Antibodies, naturally produced in the body as part of the immune response to infectious agents, can also be introduced artificially to treat infectious diseases. Advances in biotechnology in the last decades have made human or humanized monoclonal antibodies (mAbs) as therapeutics possible. These therapeutic mAbs currently enjoy unprecedented success and recognition of their potential. Unlike vaccines, therapeutic mAbs can confer instant and consistent protection against bio-threat agents when administered regardless of the recipient’s immune status. Therapeutic mAbs can be administered in higher levels than those elicited by vaccines, and thus provide a higher level of protection or treatment that is necessary in a biological attack where people are exposed to a higher exposure of agent concentration than that found in nature. Furthermore, therapeutic mAbs have substantial advantages over antimicrobial drugs, such as high specificity, low systemic toxicity, relatively long half-life, and no concerns over disrupting the body’s microbiome. Therapeutic mAbs can be used for both pre- and post-exposure protection; therefore, they have great value as effective medical countermeasures (MedCMs) against bio-threat agents. However, there are still some challenges to be overcome before therapeutic mAbs become ideal MedCMs against bio-threat agents. In this review, both opportunities and challenges in development of therapeutic mAbs are discussed.

Keywords

Therapeutic; Monoclonal antibodies; Biodefense

Introduction

A bio-threat agent is a biological pathogen or toxin that can be used purposefully as a weapon in bioterrorism to spread life-threatening diseases on a large scale in order to cause fear, disorganization, and panic in the public. Numerous potentially weaponizable bio-threat agents have been described and studied. It is impossible to predict when and where, a bioterrorist attack is going to happen, let alone predict which agent would be used.

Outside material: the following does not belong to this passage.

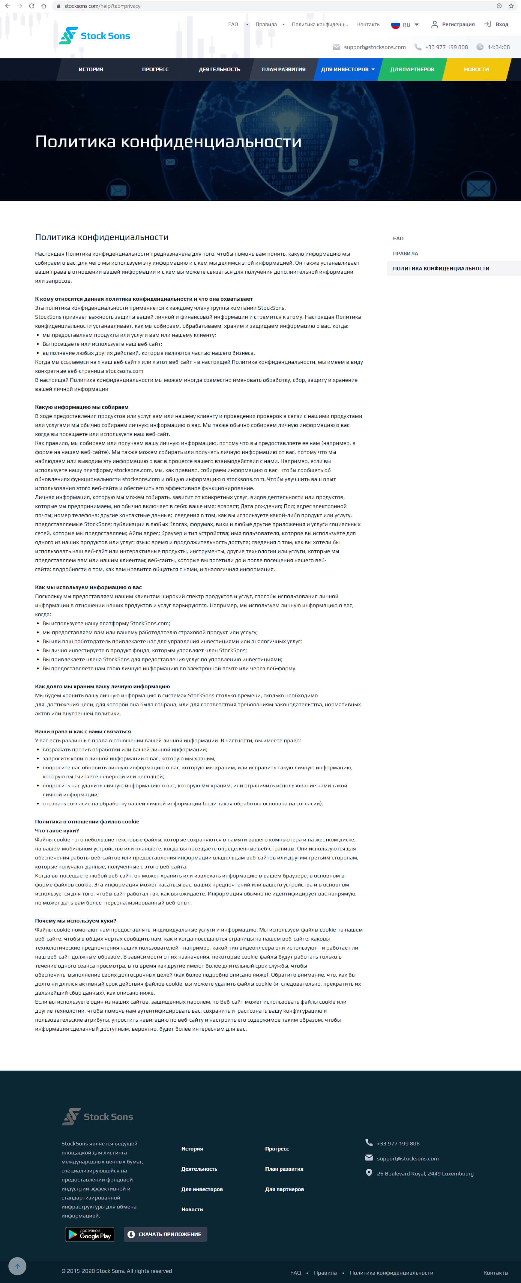 - Политика конфиденциальности компании Stock Sons не защищает личную информацию клиентов

Vaccination can induce protective immune responses and then protect the vaccinated population against specific bio-threat attacks. Unfortunately, vaccines require time (weeks or months) to take effect. The required time period is usually longer than that between bio-threat exposure and onset of diseases. Moreover, vaccination does not guarantee that all the vaccine recipients would mount protective responses. It is estimated that around 10% of recipients do not amount any protective responses after vaccination [1]. These drawbacks of vaccines would limit their usefulness during an emergency response to a potential bio-threat scenario. Besides, it is also controversial to vaccinate a whole population or large number of individuals for preexposure prophylaxis against an uncertain and unpredictable biological attack [2].

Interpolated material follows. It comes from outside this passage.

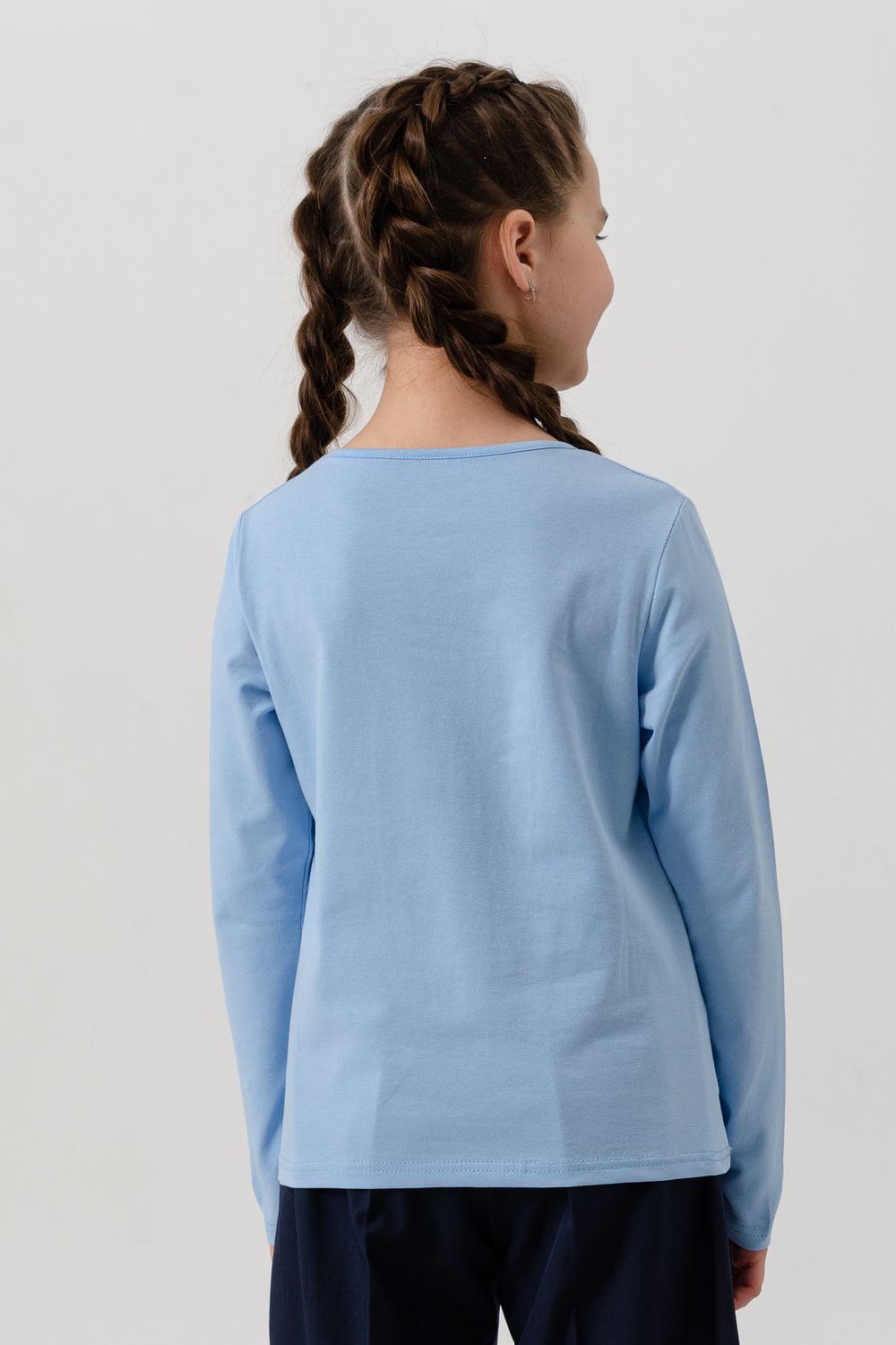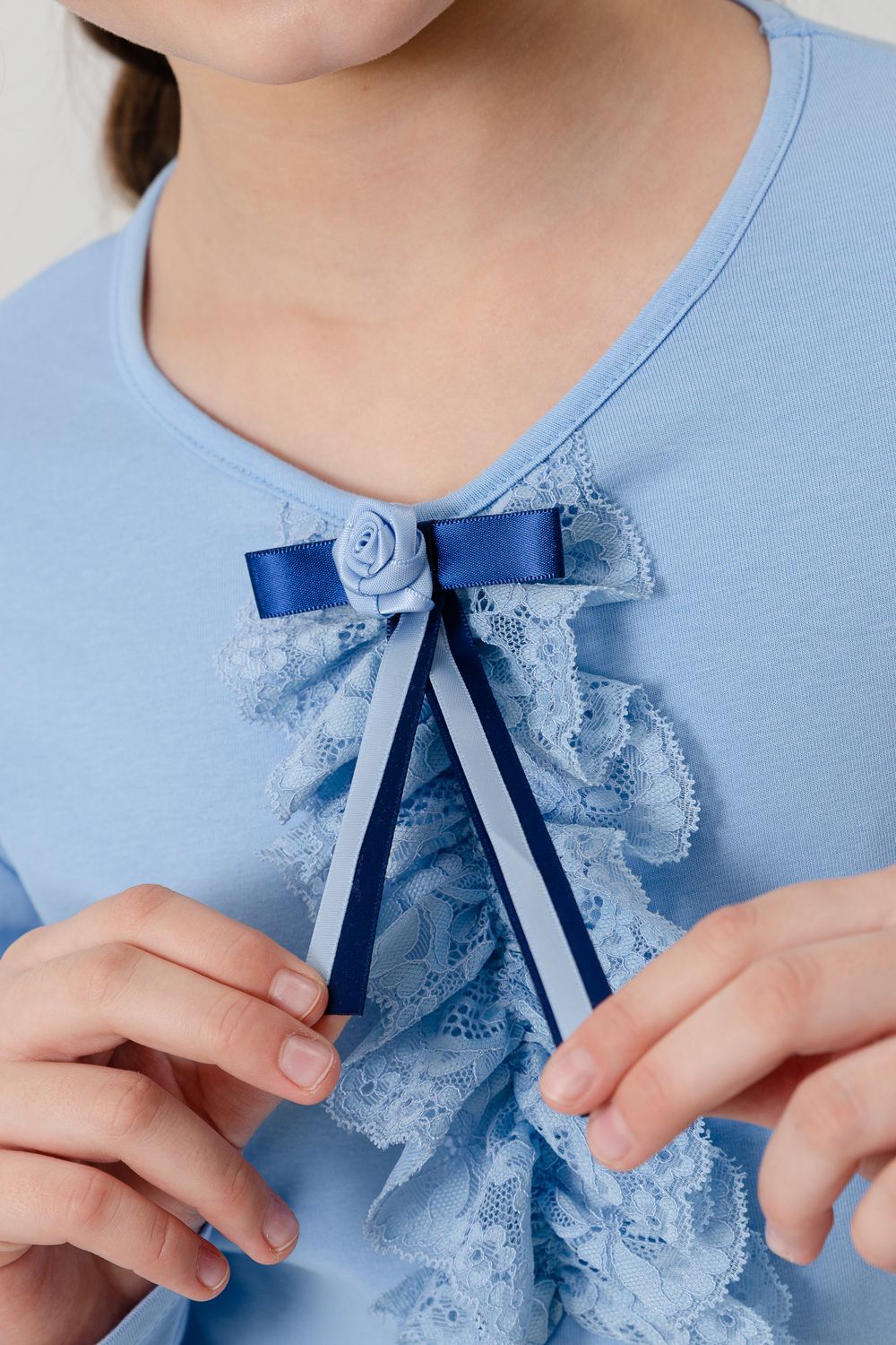 Блузка для девочек младшего и старшего школьного возраста, из однотонного трикотажного полотна. Блузка прилегающего силуэта, с втачным рукавом. Спереди и на спинке отсутствуют линии членения. По центру переда настрочено жабо из кружева. Рукава длинные. Низа рукавов и изделия подогнуты. Горловина окантована. Спереди прикреплен декоративный элемент.

Antimicrobial drugs are very effective against various bacteria, but obviously ineffective at eliminating viral infections. Antimicrobial drugs can provide protection when administered after exposure, however they have a short serum half-life (hours) and resistance often emerges after repeated use [3]. More than 70% of hospital-acquired bacterial infections are resistant to at least one of the drugs typically used to combat them [4]. Resistance to multiple drugs is increasing. In addition, most antibiotics are broad-spectral, killing commensal bacteria and leading to imbalanced gut micro flora in the body. Furthermore, there is also a concern regarding the intentional bioengineering of anti-microbial resistance in potential bio-threat agents. While clearly there is a critical need for new antibiotics and antiviral drugs not only for biodefense, but also to combat naturally occurring infectious diseases, unfortunately, new therapeutics are years from being developed and approved [5].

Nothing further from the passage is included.